Underneath, you’ll notice an impressive clientel which gives the proof that if some of the biggest names in the market are using this software, than it should work for you too. Subconsciously it’s also price anchoring, which can repel businesses who might be looking for a cheap software solution.
If you scroll down the page, you’ll see only a handful of calls to action, each one giving you more information about the product, easing you into becoming more comfortable signing up for a demo. Also note the use of white space and how they make their calls to action incredibly clear through vibrant colors.
Finally, we have optim.al which again uses lots of whitespace to give “breathing room” for their two main calls to action which are a product tour and the Get Started button.
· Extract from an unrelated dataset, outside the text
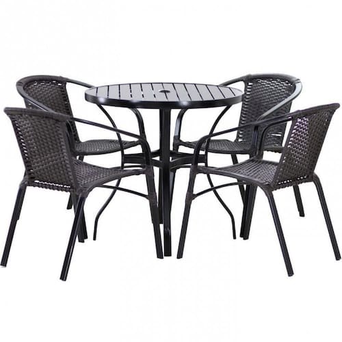 Itens Incls: 04 Cadeiras Floripa em Aluminio Pintado 01 Mesa Roma com Tampo Ripado

They’ve also got this neat little scrolling ticker of their clients which makes the page more dynamic, but in an unobtrusive way.
I’m also a fan of optim.al’s blog, which showcases interesting uses of their technology like predicting oscar winners, the top 25 interests of Facebook’s employees, and industry news that’s relevant to only their business.
Something I noticed on your blog is that you talk about other tools and tech, and while it is relevant to the community, it isn’t helping your business. Without going into too much more detail for time’s sake, I want you to take a look at optim.al ‘s blog as well as the other blog’s I’ve linked in the description.
And this isn’t just for RazorCoast, you should be checking in on your competitors on a regular basis, at a minimum every 3 months.
You want to adopt the techniques that you see working for them, and improve on the areas you see their weak. Doing this exposes what Scott Stratten calls “The Experience Gap” in his book UnMarketing, and allows you to become a better business and find ways that you can raise prices without making your customers mad.
Alright, that’s all I’ve got for this weeks episode of Inside The Mind, thanks so much for watching.